A report in the NZ Herald on March 5 suggests up to 412 commercial buildings could collapse in a moderate quake and says details are being kept secret while city heads move to update records.
Mr Manley admits some structures may need work.
“Auckland does not have any building currently listed as being dangerous,” he says. “We potentially have some that will require strengthening.”
Work has already been carried out on many of them.
“There is some possibility of them being at risk in a big one. But the chances of that happening are remote.”
The same logic applies to sewerage, water and power.
Mr Manley says a loss of all three across the entire region is highly unlikely and utility companies have contingency plans in place to cover a range of scenarios depending on where the problems occur.
He says they have also been strengthening infrastructure over a number of years in anticipation of disaster.
“”I don’t want to appear too optimistic and stress that people still need to be able to look after themselves and their neighbours if they are cut off.
“We recommend that everybody in Auckland has a survival kit with items listed at www.getthru.govt.nz,” he says.

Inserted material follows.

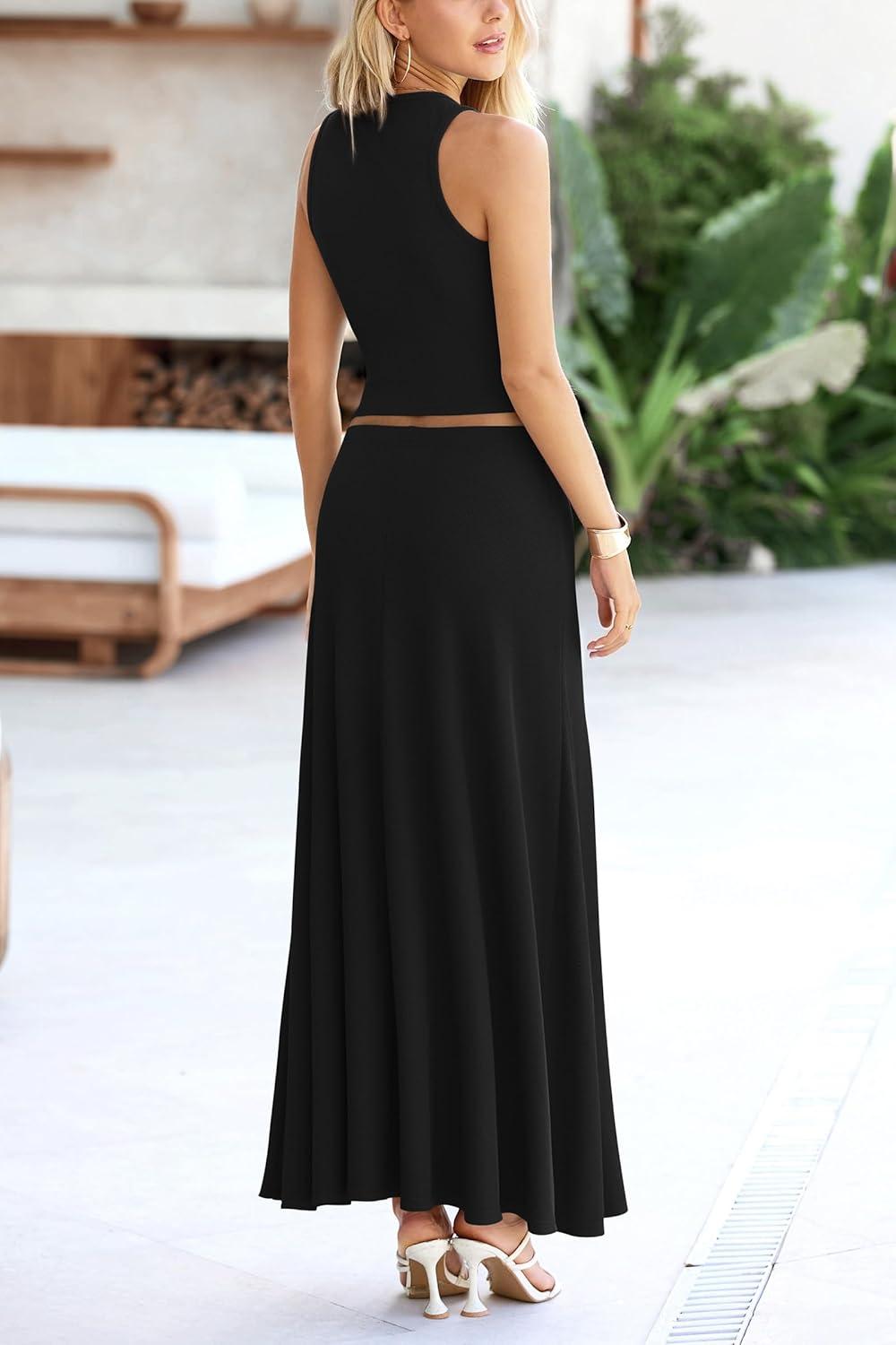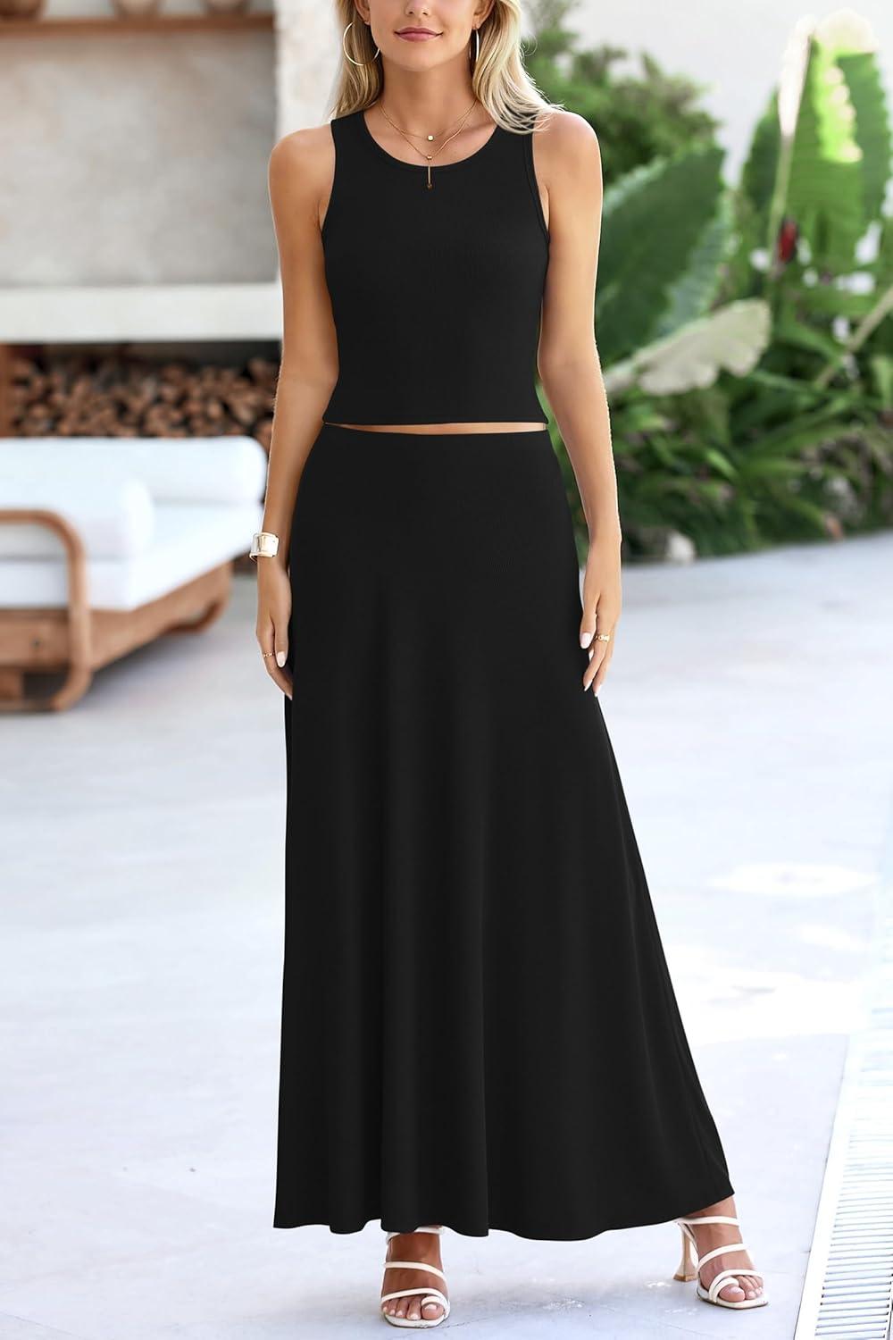 PRETTYGARDEN Women's 2 Piece Maxi Skirt Sets Casual Summer Knit Cropped Tank Top High Waisted Long Skirts Outfit(Black)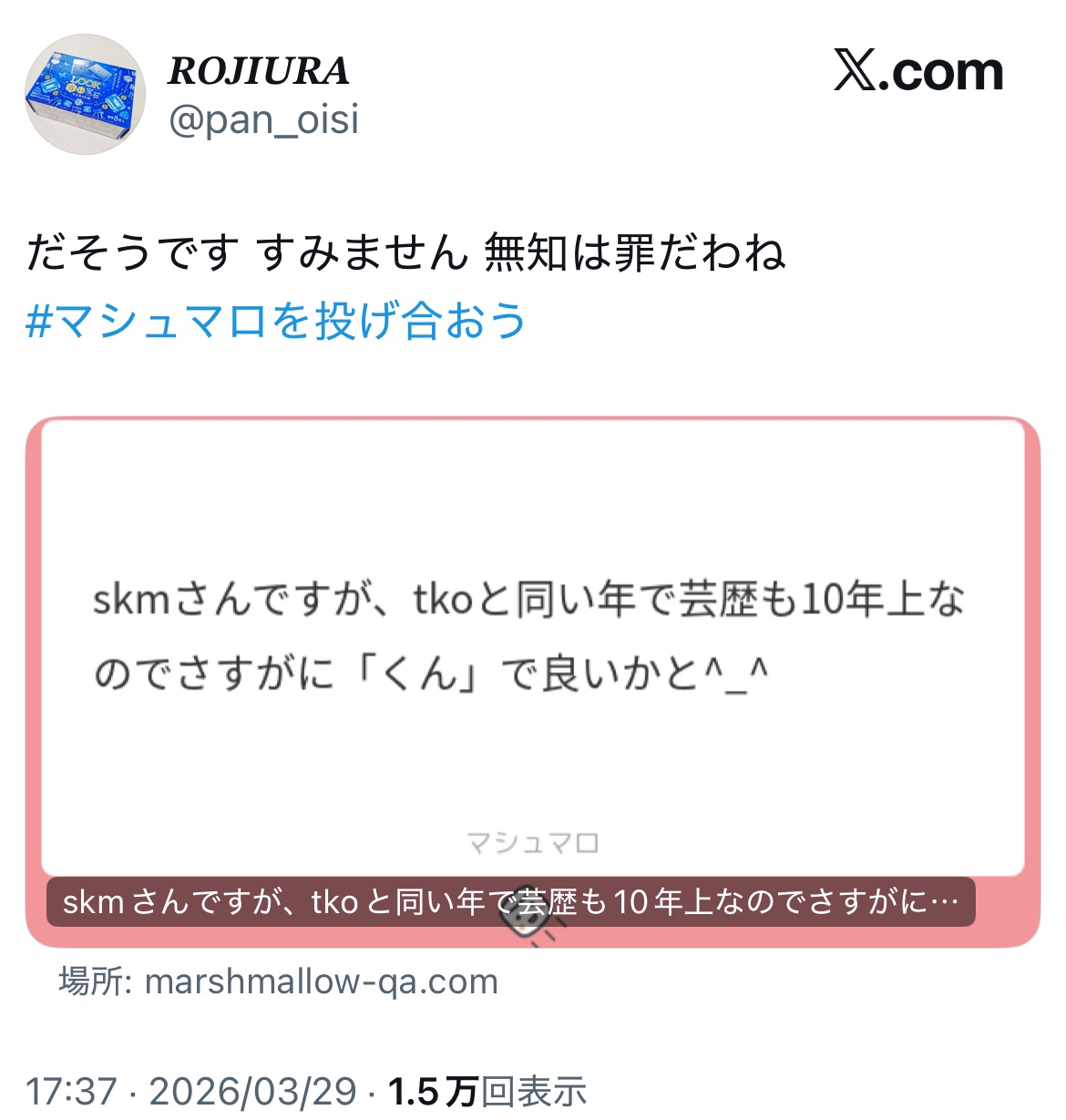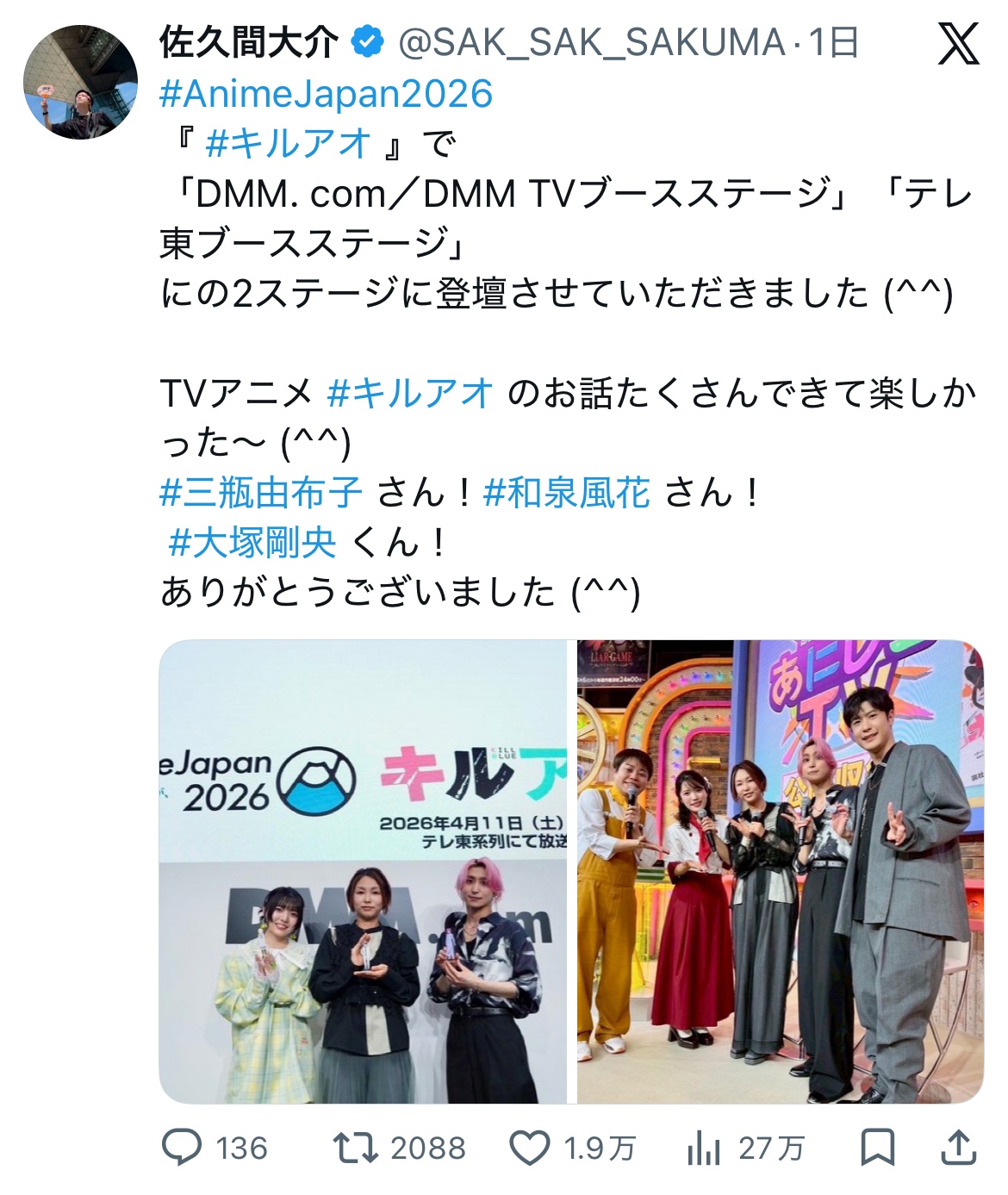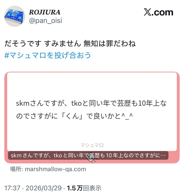 【悲報】ジャニーズさん、声優をくん付けして大炎上www Twitter Facebook はてブ LINE コピー 2026.03.31 スポンサーリンク 1 : 以下、?ちゃんねるからVIPがお送りします :2026/03/30(月) 20:17:31.374 ID:Qc4aknf20.nethttps://x.com/pan_oisi/status/2038173591716721018転載元スレッド:https://viper.2ch.sc/test/read.cgi/news4vip/1774869451/ 続きを読む

Mr Manley says an Earthquake Prone Building register is now being put together.
SOME ANSWERS
Disaster HQ: Outlying units in times of disaster needed.
Buildings in Henderson and Mairangi Bay fully equipped to function.
Civil Defence: 300 trained people from within the Auckland Council.
Motorway and bridges: SH18 would offer a vehicular connection to the North Shore if Auckland and Upper Harbour bridges were disabled and access by sea is part of the strategy.